Content starts
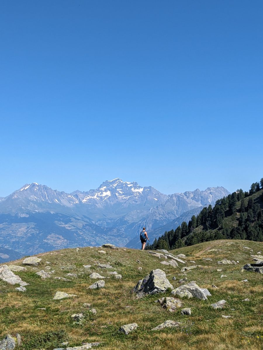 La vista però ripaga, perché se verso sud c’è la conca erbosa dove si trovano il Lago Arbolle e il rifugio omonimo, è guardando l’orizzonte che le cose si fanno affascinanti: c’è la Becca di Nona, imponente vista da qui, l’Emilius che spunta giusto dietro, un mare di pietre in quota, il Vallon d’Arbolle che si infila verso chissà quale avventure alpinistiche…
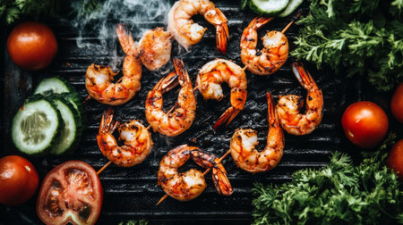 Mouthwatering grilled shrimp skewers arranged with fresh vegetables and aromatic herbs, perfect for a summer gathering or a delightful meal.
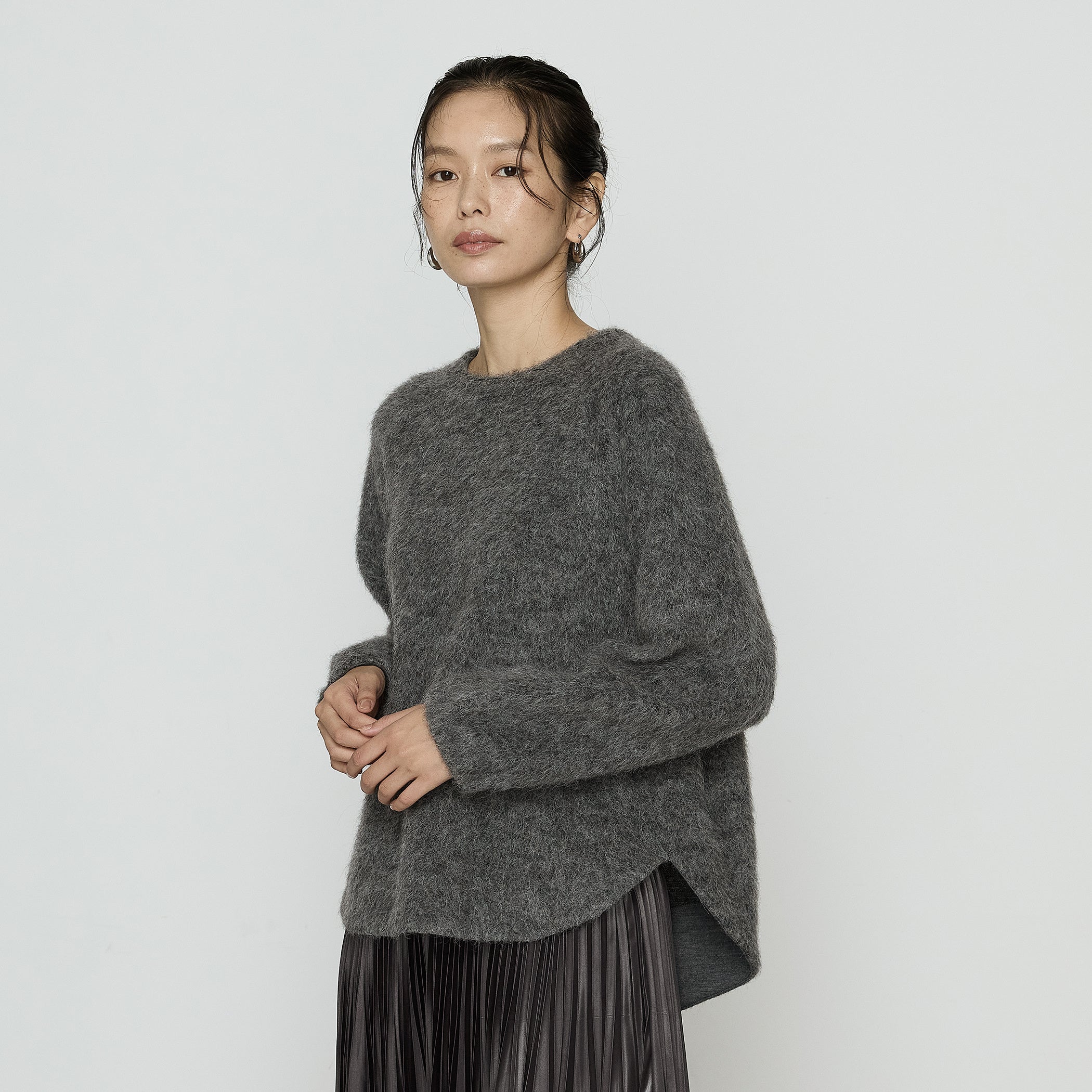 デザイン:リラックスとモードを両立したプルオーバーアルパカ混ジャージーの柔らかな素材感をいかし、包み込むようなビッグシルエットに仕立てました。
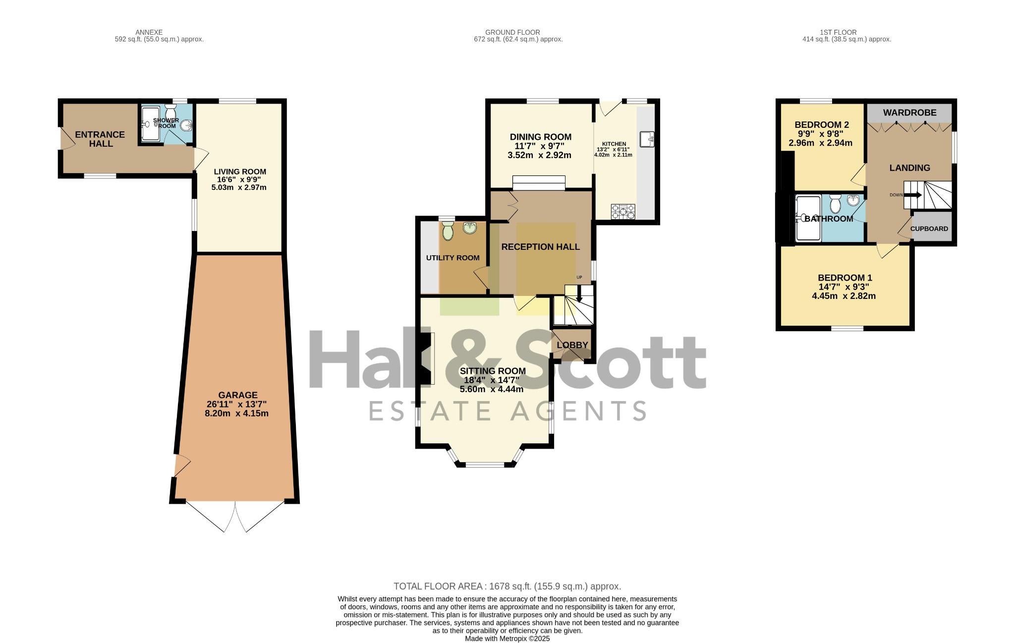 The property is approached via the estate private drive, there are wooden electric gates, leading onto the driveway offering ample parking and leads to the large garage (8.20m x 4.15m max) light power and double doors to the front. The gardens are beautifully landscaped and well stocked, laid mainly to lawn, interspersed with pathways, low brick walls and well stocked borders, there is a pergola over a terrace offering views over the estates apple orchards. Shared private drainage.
Content ends
Content starts
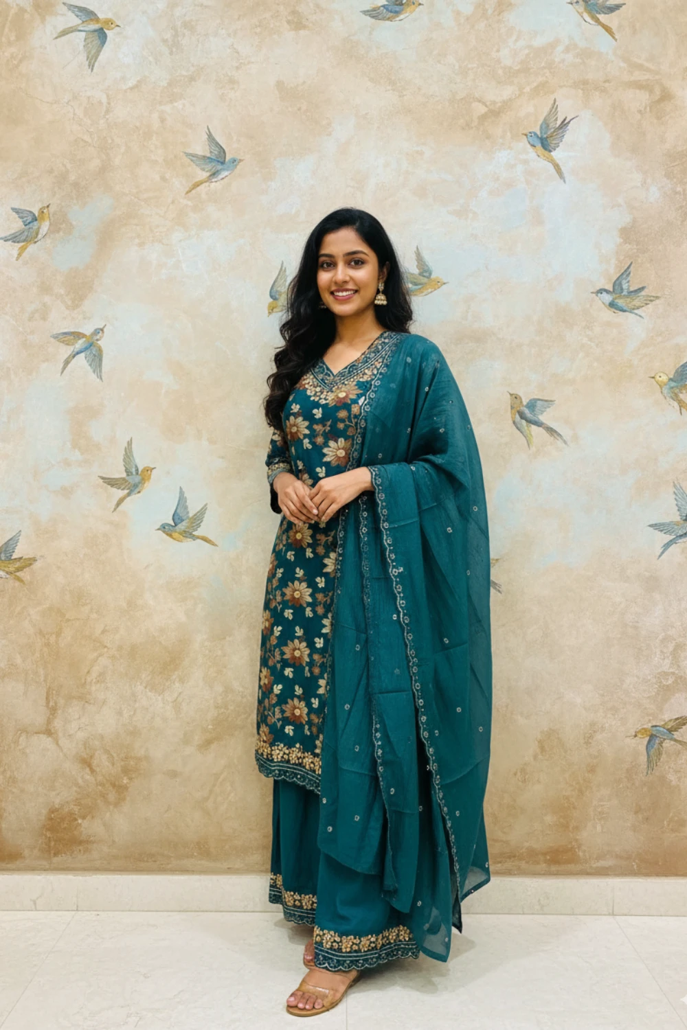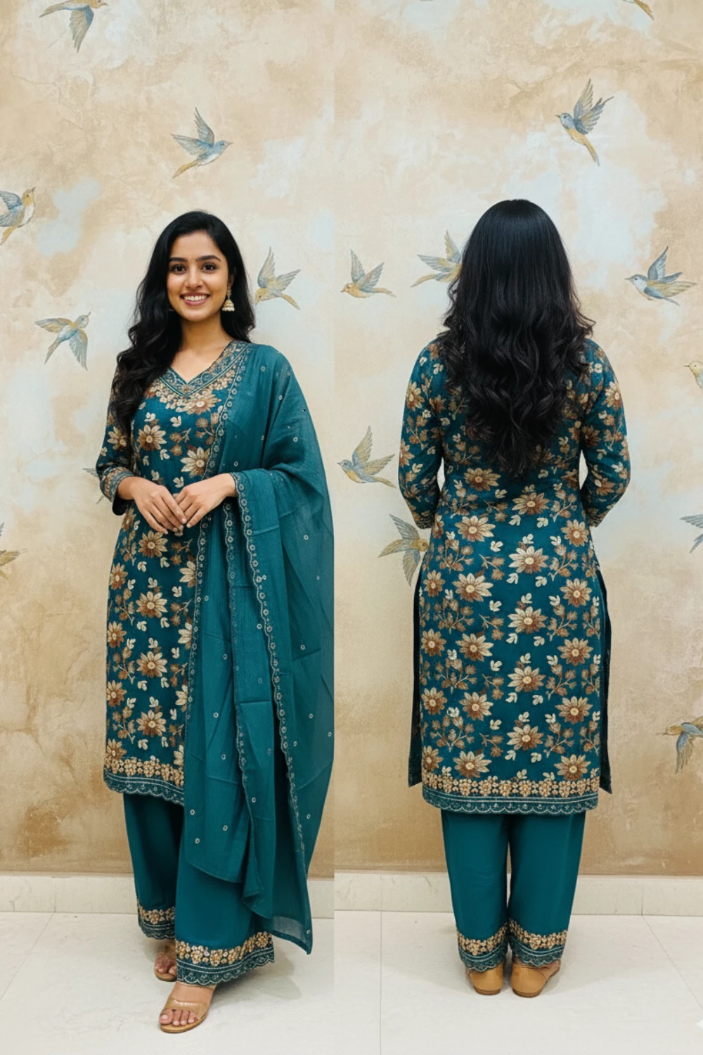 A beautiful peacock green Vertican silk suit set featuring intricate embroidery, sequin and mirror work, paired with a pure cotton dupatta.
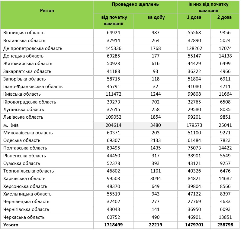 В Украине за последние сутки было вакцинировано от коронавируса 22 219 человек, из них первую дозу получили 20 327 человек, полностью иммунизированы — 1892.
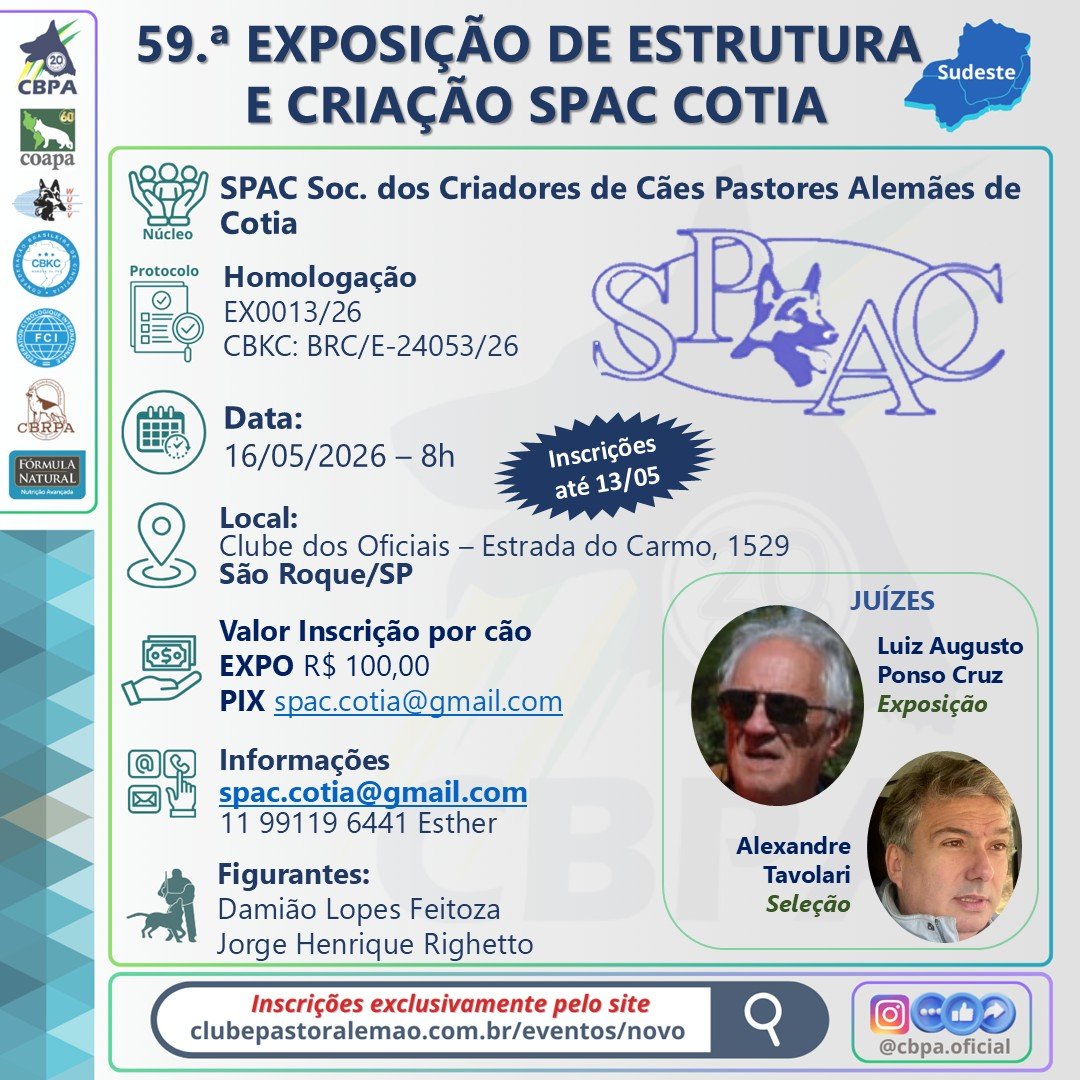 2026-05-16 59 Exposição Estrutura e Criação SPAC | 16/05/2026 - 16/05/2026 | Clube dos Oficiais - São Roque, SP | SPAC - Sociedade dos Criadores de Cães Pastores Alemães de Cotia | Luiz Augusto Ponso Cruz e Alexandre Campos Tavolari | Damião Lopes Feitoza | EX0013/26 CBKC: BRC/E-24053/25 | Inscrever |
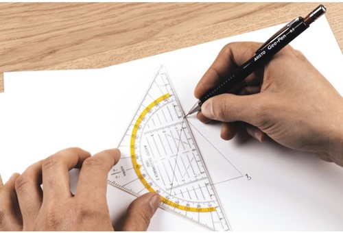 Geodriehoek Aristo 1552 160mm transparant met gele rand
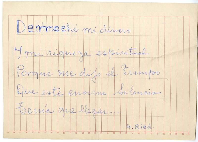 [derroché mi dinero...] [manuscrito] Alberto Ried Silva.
Content ends
§ Work to be completed
An exact copy is needed of the entries above, starting at the line that holds "La vista però" and stopping at the line that holds "The property is", both kept; pictures stay out.

§ Written response
 La vista però ripaga, perché se verso sud c’è la conca erbosa dove si trovano il Lago Arbolle e il rifugio omonimo, è guardando l’orizzonte che le cose si fanno affascinanti: c’è la Becca di Nona, imponente vista da qui, l’Emilius che spunta giusto dietro, un mare di pietre in quota, il Vallon d’Arbolle che si infila verso chissà quale avventure alpinistiche…
 Mouthwatering grilled shrimp skewers arranged with fresh vegetables and aromatic herbs, perfect for a summer gathering or a delightful meal.
 デザイン:リラックスとモードを両立したプルオーバーアルパカ混ジャージーの柔らかな素材感をいかし、包み込むようなビッグシルエットに仕立てました。
 The property is approached via the estate private drive, there are wooden electric gates, leading onto the driveway offering ample parking and leads to the large garage (8.20m x 4.15m max) light power and double doors to the front. The gardens are beautifully landscaped and well stocked, laid mainly to lawn, interspersed with pathways, low brick walls and well stocked borders, there is a pergola over a terrace offering views over the estates apple orchards. Shared private drainage.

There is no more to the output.